Shown in Fig. 3 are representative electric field distributions of the spherelike SP modes [Figs. 3(a)–(f)] and the voidlike modes [Figs. 3(g)–(i)], for a complete and truncated nanoshell arrays with different opening angles. Note that for a complete nanoshell array, both the quadrupolar [Fig. 3(a)] and hexapolar [Fig. 3(d)] spherelike SP resonances (the order of these spherelike modes can be identified by field vector arrows in figures) have a highly symmetrical electric field distribution, both with a maximum field enhancement between the gaps of adjacent nanoshells.

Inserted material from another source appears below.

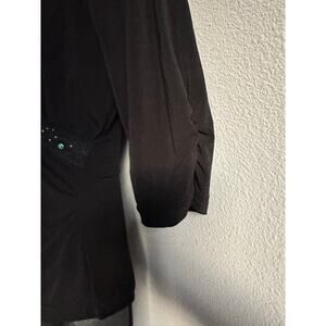 Vintage Black Wrap Top Lace Beaded Sequin Y2K Blouse Small

The quadrupolar mode has four hot spots on the surface of nanoshells [Fig. 3(a)], while the hexapolar mode has six ones [Fig. 3(d)] [40]. Since there is very little field enhancement around the top of nanoshells for the spherelike modes, it is thus understandable that these modes can sustain in truncated nanoshells with opening angles of tens of degrees, although small perturbations are indeed observed from the field distribution of the nanocup arrays [Figs. 3(b) and 3(e)]. The field calculations shown in Figs. 3(a) and (d) also help to explain why the quadrupolar spherelike mode can survive in truncated nanoshells with wider range of opening angles than the hexapolar spherelike mode [see Fig. 2(b)], because the latter mode has more nodes on the shells which make them more sensitive to truncations.

 figure: Fig. 3

Fig. 3 (Color online) (a)-(i) Normalized electric field distributions on the xoz plane at the transmission resonances with the corresponding wavelengths and opening angles marked as points 1-9 in Fig. 2(b). The blue arrows in (a) and (d) represent field direction. White signs “+” and “-” stand for positive and negative charges, respectively.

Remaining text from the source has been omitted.